▸ EXERCISE INPUTS
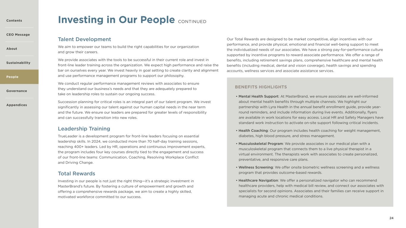 24 Investing in Our People CONTINUED Talent Development We aim to empower our teams to build the right capabilities for our organization and grow their careers. We provide associates with the tools to be successful in their current role and invest in front-line leader training across the organization. We expect high performance and raise the bar on ourselves every year. We invest heavily in goal setting to create clarity and alignment and use performance management programs to support our philosophy. We conduct regular performance management reviews with associates to ensure they understand our business’s needs and that they are adequately prepared to take on leadership roles to sustain our ongoing success. Succession planning for critical roles is an integral part of our talent program. We invest significantly in assessing our talent against our human capital needs in the near term and the future. We ensure our leaders are prepared for greater levels of responsibility and can successfully transition into new roles. Leadership Training TrueLeader is a development program for front-line leaders focusing on essential leadership skills. In 2024, we conducted more than 70 half-day training sessions, reaching 400+ leaders. Led by HR, operations and continuous improvement experts, the program includes four key courses directly tied to the engagement and success of our front-line teams: Communication, Coaching, Resolving Workplace Conflict and Driving Change. Total Rewards Investing in our people is not just the right thing—it’s a strategic investment in MasterBrand’s future. By fostering a culture of empowerment and growth and offering a comprehensive rewards package, we aim to create a highly skilled, motivated workforce committed to our success. Our Total Rewards are designed to be market competitive, align incentives with our performance, and provide physical, emotional and financial well-being support to meet the individualized needs of our associates. We have a strong pay-for-performance culture supported by incentive programs to reward associate performance. We offer a range of benefits, including retirement savings plans, comprehensive healthcare and mental health benefits (including medical, dental and vision coverage), health savings and spending accounts, wellness services and associate assistance services. BENEFITS HIGHLIGHTS • Mental Health Support: At MasterBrand, we ensure associates are well-informed about mental health benefits through multiple channels. We highlight our partnership with Lyra Health in the annual benefit enrollment guide, provide year- round reminders, and include information during live events. Additionally, flyers are available in work locations for easy access. Local HR and Safety Managers have standard work instruction to activate on-site support following critical incidents. • Health Coaching: Our program includes health coaching for weight management, diabetes, high blood pressure, and stress management. • Musculoskeletal Program: We provide associates in our medical plan with a musculoskeletal program that connects them to a live physical therapist in a virtual environment. The therapists work with associates to create personalized, preventative, and responsive care plans. • Wellness Screening: We offer onsite biometric wellness screening and a wellness program that provides outcome-based rewards. • Healthcare Navigation: We offer a personalized navigator who can recommend healthcare providers, help with medical bill review, and connect our associates with specialists for second opinions. Associates and their families can receive support in managing acute and chronic medical conditions. Contents CEO Message About Sustainability Governance Appendices People
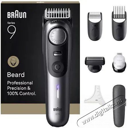 Braun Series 9 BT9520 szakállvágó Olyan megjelenésre vágysz, ahol a szakáll hossza és formája pontosan az ízlésednek megfelelő? Akkor a Braun Series 9 BT9520 szakállvágó neked való! A készülék 0,5–20 mm között állítható vágáshosszúságot kínál, és rendkívül éles, önélező pengékkel van felszerelve. Az intuitív nyomógombos vezérlés és a Precision Wheel tekerőgomb 52 hosszbeállítással minden felhasználónak megfelel. A Precision Lock zárolja az általad beállított értéket, így kizárt a véletlen elállítás. Az Ultra Sharp Blade technológia még a nehezen megfogható szálakat is hatékonyan vágja, így a végeredmény egyenletes és precíz lesz. A trimmelő AutoSense technológiája lehetővé teszi, hogy automatikusan alkalmazkodjon a testszőrzeted sűrűségéhez, és növelje vagy csökkentse a készülék teljesítményét a hatékony trimmelés érdekében. A PowerBoost üzemmód pedig segít megbirkózni a legsűrűbb szakállal is. A Braun trimmelő 100%-ban vízálló. Kényelmesen használhatod akár a zuhany alatt is, anélkül, hogy károsodna. Az ergonomikusan kialakított csúszásmentes markolat tökéletesen illeszkedik a kézbe. A vezeték nélküli működésről nagy teljesítményű akkumulátor gondoskodik, amely akár 180 percnyi használatot is lehetővé tesz egyetlen töltéssel. Élvezd az otthoni precíz szakállformázás élményét a Braun Series 9 BT9520 szakállvágóval!
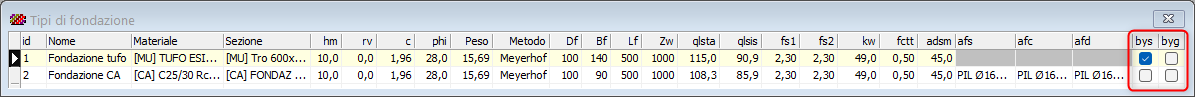 Questa operazione si esegue nella griglia dei Tipi di fondazioni, nella quale sono state aggiunte le due colonne:
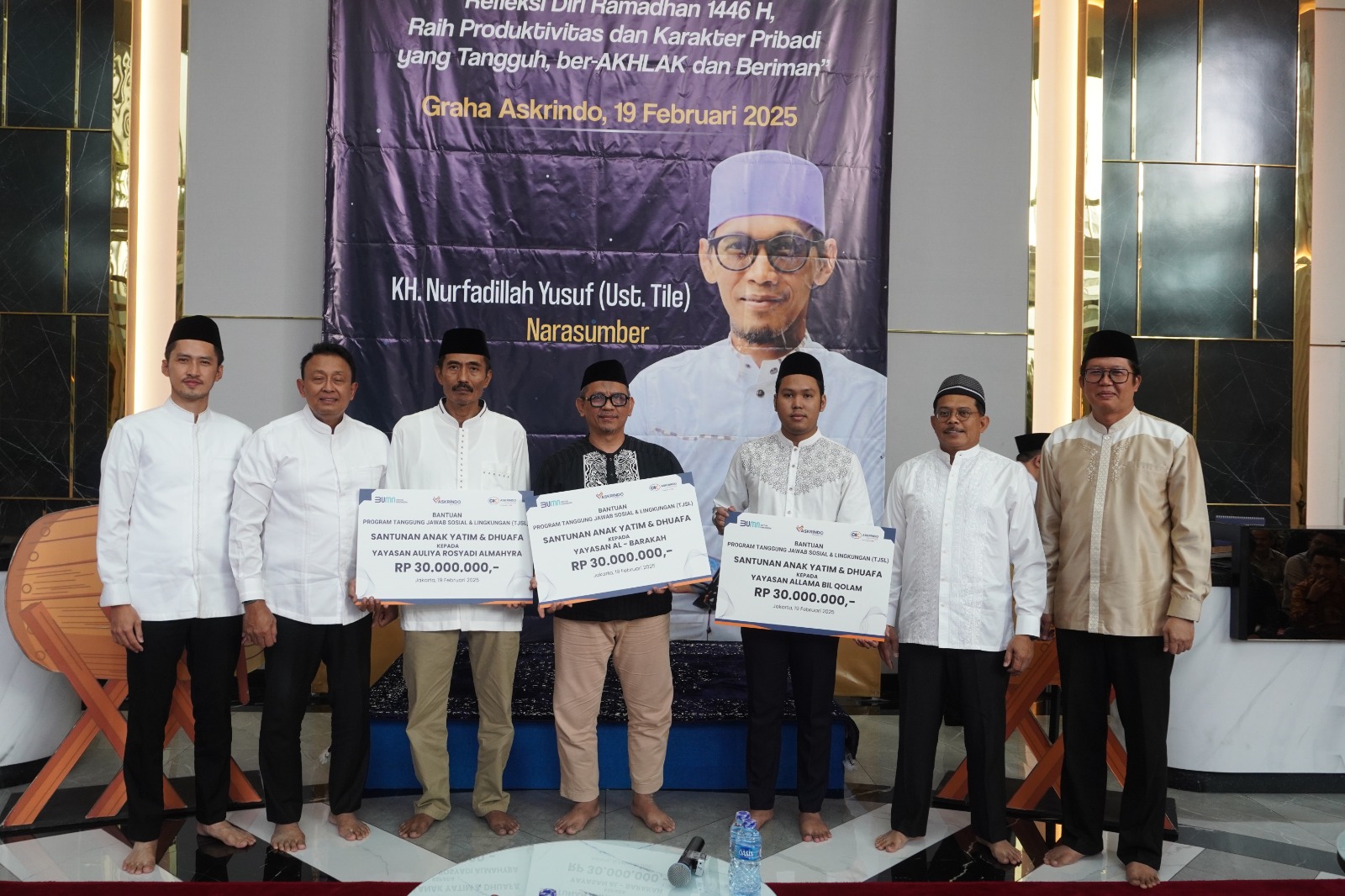 Pada kesempatan yang sama, Direktur Kepatuhan, SDM, dan MR Askrindo, R. Mahelan Prabantarikso, menyerahkan santunan sebesar Rp90 juta kepada tiga yayasan dan panti asuhan di Jakarta, yaitu Yayasan Auliya Rosyadi Almahyra, Yayasan AL-Barakah, dan Yayasan Allama Bil Qolam.
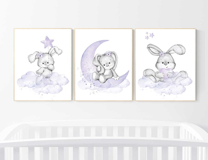 Purple nursery decor, Nursery wall art bunny, Nursery decor girl flower bunny, lilac, lavender, bunny print nursery girl, rabbit print
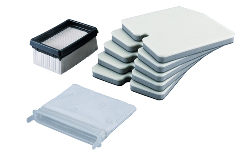 Filterset voor motordoorslijper bestaande uit 5x voorfilter, 1x luchtfilter en 1x linnen stofzak.
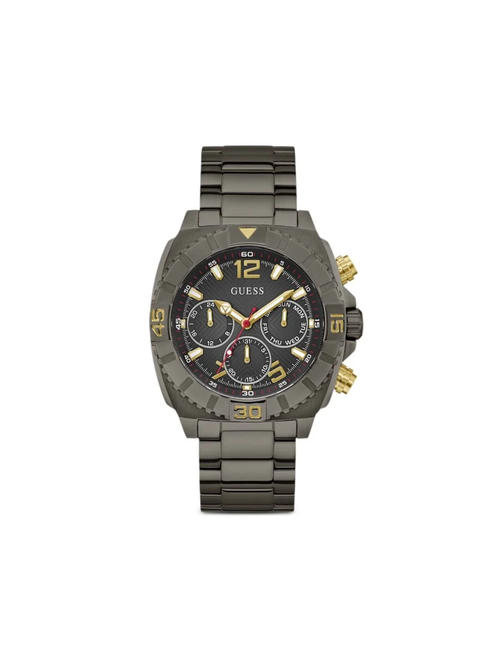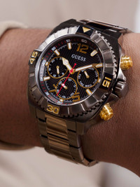 Traction 44mm Highlights - 44mm - Black - Stainless steel/recycled steel - Arabic dial - Arrow hands - Chronograph counters - Round face - Mineral glass - Count-up bezel - Centre-dent crown - Two chronograph pushers - Adjustable link bracelet - Folding clasp Imported Composition stainless steel 100%, Mineral Glass 100%, Recycled Steel 100% SIZE & FIT Measurement DIAMETER 1.73 in(4.4 cm)
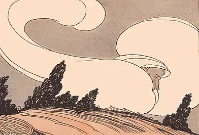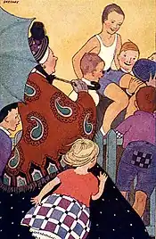 Gregory began her career as an illustrator in 1921 when she produced colored plates for a book of poems called Happy Hour Stories (compiled by Genevieve Silvester and Edith Marshall Peter, American Book Co., Cincinnati).[45] Included in the collection was Robert Louis Stevenson's "The Wind", in which the poet asks, "O blower, are you young or old/Are you beast of field and tree,/Or just a stronger child than me?" Gregory's illustration of the poem shows a human figure swirling down from the sky. This illustration is shown above, Image No. 10. In 1924, she made the illustrations for the first edition of The Box-Car Children by Gertrude Chandler Warner (Rand McNally & Company, Chicago).[46][note 1] Shown above, Image No. 11 is the illustration "Henry felt himself lifted on many shoulders" from a chapter of this book called "The Race".
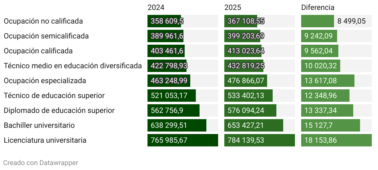 En colones. Diferencia entre 2024 y 2025.

▸ YOUR TASK
I need the lines from the line holding "Filterset voor motordoorslijper" through the end of the material, inclusive, restated word for word and without pictures.

▸ ANSWER TO THIS TASK
 Filterset voor motordoorslijper bestaande uit 5x voorfilter, 1x luchtfilter en 1x linnen stofzak.
 Traction 44mm Highlights - 44mm - Black - Stainless steel/recycled steel - Arabic dial - Arrow hands - Chronograph counters - Round face - Mineral glass - Count-up bezel - Centre-dent crown - Two chronograph pushers - Adjustable link bracelet - Folding clasp Imported Composition stainless steel 100%, Mineral Glass 100%, Recycled Steel 100% SIZE & FIT Measurement DIAMETER 1.73 in(4.4 cm)
 Gregory began her career as an illustrator in 1921 when she produced colored plates for a book of poems called Happy Hour Stories (compiled by Genevieve Silvester and Edith Marshall Peter, American Book Co., Cincinnati).[45] Included in the collection was Robert Louis Stevenson's "The Wind", in which the poet asks, "O blower, are you young or old/Are you beast of field and tree,/Or just a stronger child than me?" Gregory's illustration of the poem shows a human figure swirling down from the sky. This illustration is shown above, Image No. 10. In 1924, she made the illustrations for the first edition of The Box-Car Children by Gertrude Chandler Warner (Rand McNally & Company, Chicago).[46][note 1] Shown above, Image No. 11 is the illustration "Henry felt himself lifted on many shoulders" from a chapter of this book called "The Race".
 En colones. Diferencia entre 2024 y 2025.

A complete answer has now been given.